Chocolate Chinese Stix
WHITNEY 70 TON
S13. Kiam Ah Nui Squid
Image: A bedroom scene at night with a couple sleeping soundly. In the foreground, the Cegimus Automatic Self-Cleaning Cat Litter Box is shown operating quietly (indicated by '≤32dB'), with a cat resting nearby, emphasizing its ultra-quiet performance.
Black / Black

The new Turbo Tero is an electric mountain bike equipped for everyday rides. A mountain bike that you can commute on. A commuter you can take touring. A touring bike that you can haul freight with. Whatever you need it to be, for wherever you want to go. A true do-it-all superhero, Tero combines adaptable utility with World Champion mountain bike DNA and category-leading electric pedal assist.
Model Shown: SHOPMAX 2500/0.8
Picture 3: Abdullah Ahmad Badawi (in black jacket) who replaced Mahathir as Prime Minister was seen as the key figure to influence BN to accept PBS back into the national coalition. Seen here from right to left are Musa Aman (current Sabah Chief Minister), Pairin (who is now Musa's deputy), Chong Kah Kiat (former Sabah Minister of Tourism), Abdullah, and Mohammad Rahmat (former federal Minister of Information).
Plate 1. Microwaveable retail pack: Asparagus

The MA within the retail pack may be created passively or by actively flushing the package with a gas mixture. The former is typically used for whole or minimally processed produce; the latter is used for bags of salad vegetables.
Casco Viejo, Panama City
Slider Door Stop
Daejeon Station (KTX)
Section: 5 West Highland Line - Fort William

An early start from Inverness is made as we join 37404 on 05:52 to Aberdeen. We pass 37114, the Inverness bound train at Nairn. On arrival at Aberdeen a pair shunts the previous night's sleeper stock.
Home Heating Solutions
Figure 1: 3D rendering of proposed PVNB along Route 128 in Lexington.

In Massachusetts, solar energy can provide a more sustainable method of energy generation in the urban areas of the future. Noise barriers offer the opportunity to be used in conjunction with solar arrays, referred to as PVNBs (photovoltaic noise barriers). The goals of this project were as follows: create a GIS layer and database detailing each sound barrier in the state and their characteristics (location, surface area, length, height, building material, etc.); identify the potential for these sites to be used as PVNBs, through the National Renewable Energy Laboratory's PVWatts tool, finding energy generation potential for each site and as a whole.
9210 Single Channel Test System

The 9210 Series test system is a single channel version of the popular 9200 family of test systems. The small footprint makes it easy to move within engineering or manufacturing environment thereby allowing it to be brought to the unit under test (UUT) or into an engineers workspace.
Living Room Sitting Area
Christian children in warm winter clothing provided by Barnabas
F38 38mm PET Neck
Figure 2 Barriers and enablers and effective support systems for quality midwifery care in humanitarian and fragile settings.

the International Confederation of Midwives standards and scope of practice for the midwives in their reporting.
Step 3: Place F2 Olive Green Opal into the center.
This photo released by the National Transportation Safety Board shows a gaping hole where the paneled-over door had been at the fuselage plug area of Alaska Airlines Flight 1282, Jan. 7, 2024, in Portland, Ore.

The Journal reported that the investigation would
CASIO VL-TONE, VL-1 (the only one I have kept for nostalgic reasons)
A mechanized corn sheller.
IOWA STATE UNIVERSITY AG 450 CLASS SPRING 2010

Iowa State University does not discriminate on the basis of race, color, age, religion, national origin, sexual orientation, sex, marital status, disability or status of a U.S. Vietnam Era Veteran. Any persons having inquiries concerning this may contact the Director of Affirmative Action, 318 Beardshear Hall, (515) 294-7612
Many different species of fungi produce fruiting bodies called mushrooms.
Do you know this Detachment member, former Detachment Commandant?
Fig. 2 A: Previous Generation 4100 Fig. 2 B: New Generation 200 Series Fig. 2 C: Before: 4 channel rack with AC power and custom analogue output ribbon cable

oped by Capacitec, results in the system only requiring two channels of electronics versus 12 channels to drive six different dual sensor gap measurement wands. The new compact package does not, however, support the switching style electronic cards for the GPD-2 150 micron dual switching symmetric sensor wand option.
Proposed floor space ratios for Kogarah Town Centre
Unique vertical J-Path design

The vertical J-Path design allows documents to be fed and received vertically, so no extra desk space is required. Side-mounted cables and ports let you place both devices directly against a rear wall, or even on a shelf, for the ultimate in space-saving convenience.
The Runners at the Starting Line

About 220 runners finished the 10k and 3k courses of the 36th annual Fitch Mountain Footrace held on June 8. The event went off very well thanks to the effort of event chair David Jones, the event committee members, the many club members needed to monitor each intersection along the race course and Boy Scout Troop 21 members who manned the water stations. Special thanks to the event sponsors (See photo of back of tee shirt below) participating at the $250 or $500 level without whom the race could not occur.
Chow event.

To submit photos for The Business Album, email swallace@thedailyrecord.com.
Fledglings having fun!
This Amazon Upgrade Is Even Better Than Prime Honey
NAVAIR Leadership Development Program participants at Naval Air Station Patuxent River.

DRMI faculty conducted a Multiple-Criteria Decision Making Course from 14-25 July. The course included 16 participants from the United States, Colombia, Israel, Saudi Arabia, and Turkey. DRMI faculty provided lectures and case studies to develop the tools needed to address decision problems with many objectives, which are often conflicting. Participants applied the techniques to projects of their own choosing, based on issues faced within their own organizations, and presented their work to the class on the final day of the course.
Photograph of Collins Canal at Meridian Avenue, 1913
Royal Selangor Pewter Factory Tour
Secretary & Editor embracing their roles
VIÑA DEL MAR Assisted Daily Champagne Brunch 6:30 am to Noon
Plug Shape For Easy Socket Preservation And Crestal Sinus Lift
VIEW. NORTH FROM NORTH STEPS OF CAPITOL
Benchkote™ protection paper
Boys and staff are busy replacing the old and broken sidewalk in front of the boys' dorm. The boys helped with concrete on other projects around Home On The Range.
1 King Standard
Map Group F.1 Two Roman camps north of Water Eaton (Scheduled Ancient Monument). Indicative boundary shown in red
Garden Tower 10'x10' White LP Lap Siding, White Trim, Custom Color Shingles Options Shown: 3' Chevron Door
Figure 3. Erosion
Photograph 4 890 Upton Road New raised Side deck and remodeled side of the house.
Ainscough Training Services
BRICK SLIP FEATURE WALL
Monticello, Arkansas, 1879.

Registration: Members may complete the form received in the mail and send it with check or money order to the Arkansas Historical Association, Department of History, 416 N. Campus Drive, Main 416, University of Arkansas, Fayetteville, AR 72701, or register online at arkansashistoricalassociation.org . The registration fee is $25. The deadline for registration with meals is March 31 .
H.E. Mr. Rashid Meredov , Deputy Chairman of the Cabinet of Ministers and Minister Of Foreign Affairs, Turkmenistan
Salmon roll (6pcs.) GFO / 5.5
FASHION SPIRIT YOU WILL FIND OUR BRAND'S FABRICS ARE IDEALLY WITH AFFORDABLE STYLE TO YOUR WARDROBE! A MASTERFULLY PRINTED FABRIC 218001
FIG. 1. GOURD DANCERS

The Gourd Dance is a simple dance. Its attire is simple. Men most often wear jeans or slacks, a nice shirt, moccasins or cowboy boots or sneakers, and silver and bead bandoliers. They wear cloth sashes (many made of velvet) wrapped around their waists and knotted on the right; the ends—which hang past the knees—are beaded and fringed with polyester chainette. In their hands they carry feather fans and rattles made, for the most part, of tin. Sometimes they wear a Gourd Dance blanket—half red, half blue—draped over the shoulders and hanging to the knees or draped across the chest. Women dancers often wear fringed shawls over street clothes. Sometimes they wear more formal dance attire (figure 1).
::::::::::
Description of the task →
When the line containing "Black / Black" is reached, include it and stop. Until then, output each line of the entries exactly as given, starting from the first.

Solution →
Chocolate Chinese Stix
WHITNEY 70 TON
S13. Kiam Ah Nui Squid
Image: A bedroom scene at night with a couple sleeping soundly. In the foreground, the Cegimus Automatic Self-Cleaning Cat Litter Box is shown operating quietly (indicated by '≤32dB'), with a cat resting nearby, emphasizing its ultra-quiet performance.
Black / Black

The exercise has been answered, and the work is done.